Increased risk of progressive hemodynamic deterioration in advanced heart failure patients requiring permanent pacemakers.

作者信息

Saxon L A, Stevenson W G, Middlekauff H R, Stevenson L W

机构信息

Medical Center, University of California, Los Angeles.

出版信息

Am Heart J. 1993 May;125(5 Pt 1):1306-10. doi: 10.1016/0002-8703(93)90999-p.

Abstract

To determine the influence of long-term permanent pacing systems on survival in patients with severe left ventricular dysfunction, data from 557 consecutive patients hospitalized with advanced heart failure for cardiac transplant evaluation and discharged on medical therapy were reviewed.
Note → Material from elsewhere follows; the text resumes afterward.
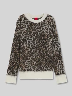 Sweter z dzianiny damski HUGO;Model ‘Seratu’;Efekt: Wzór na całej powierzchni;Krój: Krój loose fit;Wzór: Zwierzęcy nadruk;Kształt kołnierza: Bez dekoltu;Rękaw:
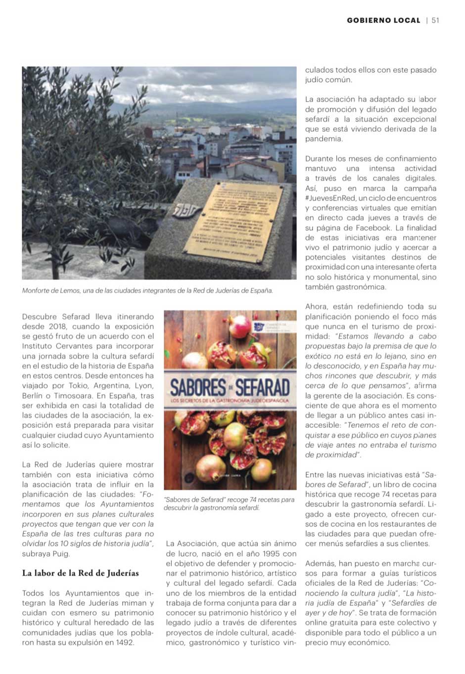 «Carta Local», la revista de la Federación Española de Municipios y Provincias dedica un reportaje a la Red de Juderías con motivo de la exposición «Descubre Sefarad.

Permanent pacemakers were identified in 42 (8%) patients. One-year actuarial risk of death from heart failure or urgent transplantation in paced patients was higher (49%) than that of a control group, matched for the severity of heart failure (15%, p = 0.003). Sudden death did not differ between paced patients and controls.

摘要

为确定长期永久性起搏系统对严重左心室功能不全患者生存率的影响,我们回顾了557例因心脏移植评估而住院并接受药物治疗后出院的晚期心力衰竭患者的连续资料。在42例(8%)患者中发现有永久性起搏器。起搏器植入患者因心力衰竭或紧急移植导致的1年预期死亡风险(49%)高于心力衰竭严重程度相匹配的对照组(15%,p = 0.003)。起搏器植入患者与对照组的猝死情况无差异。